The rich solvent left the bottom of the absorber and passed through a particulate filter before being flashed in the horizontal flash vessel. The flash gas was removed from the top of the de-entrainment section of the flash, and the pressure was regulated between 4.5 barg–5.5 barg. The rich solvent from the flash vessel was first routed through an activated carbon filter before entering the top of the stripping column. The activated carbon filter removed foam-causing impurities (e.g., dissolved hydrocarbons, degradation products and a variety of surface-active agents) that had entered or formed in the system. Heat tracing was installed on the transfer line from the flash vessel to preheat the solvent to above 90°C (194°F) before entering the stripper column. Typically, on a commercial unit, preheating the solvent is done by a heat exchanger that recovers heat from the lean solvent after regeneration.

The rich solvent entered the top of the regenerator column and contacted stripped gases and water-amine vapors generated in the reboiler over a single packed bed loaded with stainless-steel pall rings for enhanced gas-liquid contacting. The power input to the electrical reboiler was controlled by maintaining a desired temperature at 120°C (248°F) of the solvent. An overflow weir was installed in the vessel to maintain a constant liquid level to submerge the reboiler and ensure adequate liquid residence time in the reboiler. The overflow from the reboiler was routed into a surge vessel that was located directly below the vessel containing the reboiler.

The overhead vapors from the regenerator column were cooled in a plate-and-frame exchanger to 20°C (68°F) with chilled EG. The condensed liquid was recovered from the acid gases in a knockout vessel that had a demister for high-efficiency de-entrainment. The liquid recovered in the knockout vessel was returned to the top of the regenerator column, using a positive displacement pump.

The lean solvent exited the bottom of the surge vessel and was cooled in a plate heat exchanger to 40°C (104°F) with chilled EG. The cooled solvent was pumped to the absorber. The chilling loop system of a chilled water loop, filled with EG (30 wt%), was cooled to 10°C (50°F) with a chiller unit. The total circulation rate of chilled water was 4 m3/hr, with a total process flow requirement of 0.4 m3/hr.

The unit was fitted with an online gas chromatograph (GC) for gas analysis. Of this setup, three gas streams were analyzed online: the outlet of the compressor, the outlet of the absorber and the outlet of the stripper. The analysis of the liquid amine solvent was done offline in the Dow Industrial Solutions lab in Terneuzen, Netherlands. The process GC system was equipped with five parallel chromatographic trains to separate all major components with a cycle time of 300 sec.

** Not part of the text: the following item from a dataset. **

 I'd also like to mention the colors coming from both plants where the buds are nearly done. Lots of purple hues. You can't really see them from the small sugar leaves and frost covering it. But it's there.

To deliver on the research objectives, the pilot line was operated continuously for specific periods of time in 2018–2021.

Results and discussion

The operational period for the pilot line started with commissioning in 2H 2018. Operations commenced in 2019 and continued in 2020–2021. Over time, the unit availability increased, enabling extended campaigns lasting multiple months at a time. The run length was initially limited by excessive pressure drop over the inlet filters. Improvements to the filter design enabled extended run lengths between filter changes.

The data presented here are mostly from 2020 and comprise two periods:

  • Experiment 1 (Exp. 1), in which the unit was operated for ~800 hr on BFG only (blue data points), BFG + COG mix (purple datapoints) and COG only (red datapoints)
  • Experiment 2 (Exp. 2), in which the unit operated for ~2,500 hr on BFG only.

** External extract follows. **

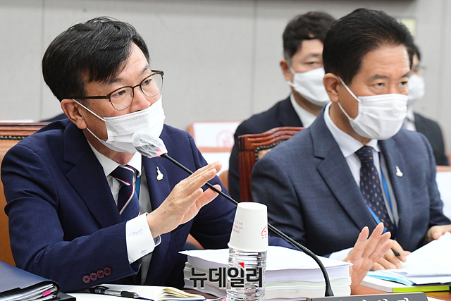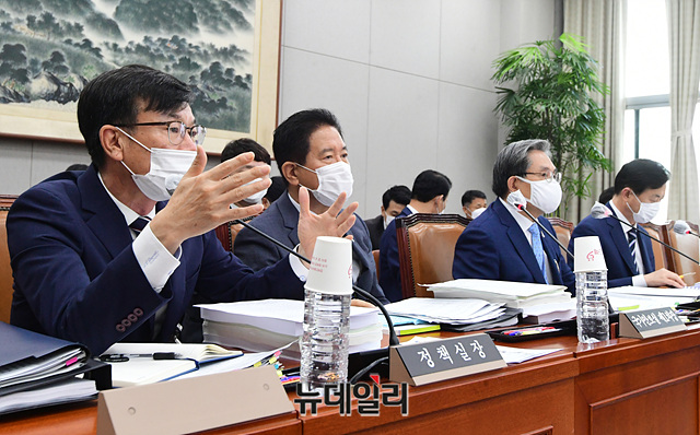 김상조 청와대 정책실장이 25일 오후 국회에서 열린 운영위원회 전체회의에서 의원들의 질의에 답하고 있다.

In total, the unit captured ~2.2 t of CO2 during Exp. 1 and 9.2 t of CO2 during Exp. 2, based on mass balancing with the mass flowmeters and gas composition data from the online GC. In Exp. 1, the cleaned gases from the absorber were routed to a downstream unit of LanzaTech, which utilized the treated gas as a feedstock for ethanol production (not reported here).

The CO2 removal efficiencies during Exp. 1 and Exp. 2 are presented in FIG. 5. The data shows that the targeted CO2 removal efficiency of 90%–95% could be achieved for extended periods of time. During Exp. 1, process conditions were optimized—namely solvent circulation rates and energy input—to reach CO2 removal efficiencies of 95%–100%, albeit at an increased heating duty in the reboiler.

FIG. 5. CO<sub>2</sub> removal efficiencies during Exp. 1 and Exp. 2. In these periods, a total of 2.4 t and 9 t of CO<sub>2</sub> were captured, respectively. Exp. 1 was BFG only (blue data points), BFG + COG (purple data points) and COG only (red data points). Exp. 2 (black data points) was BFG only.
FIG. 5. CO2 removal efficiencies during Exp. 1 and Exp. 2. In these periods, a total of 2.4 t and 9 t of CO2 were captured, respectively. Exp. 1 was BFG only (blue data points), BFG + COG (purple data points) and COG only (red data points). Exp. 2 (black data points) was BFG only.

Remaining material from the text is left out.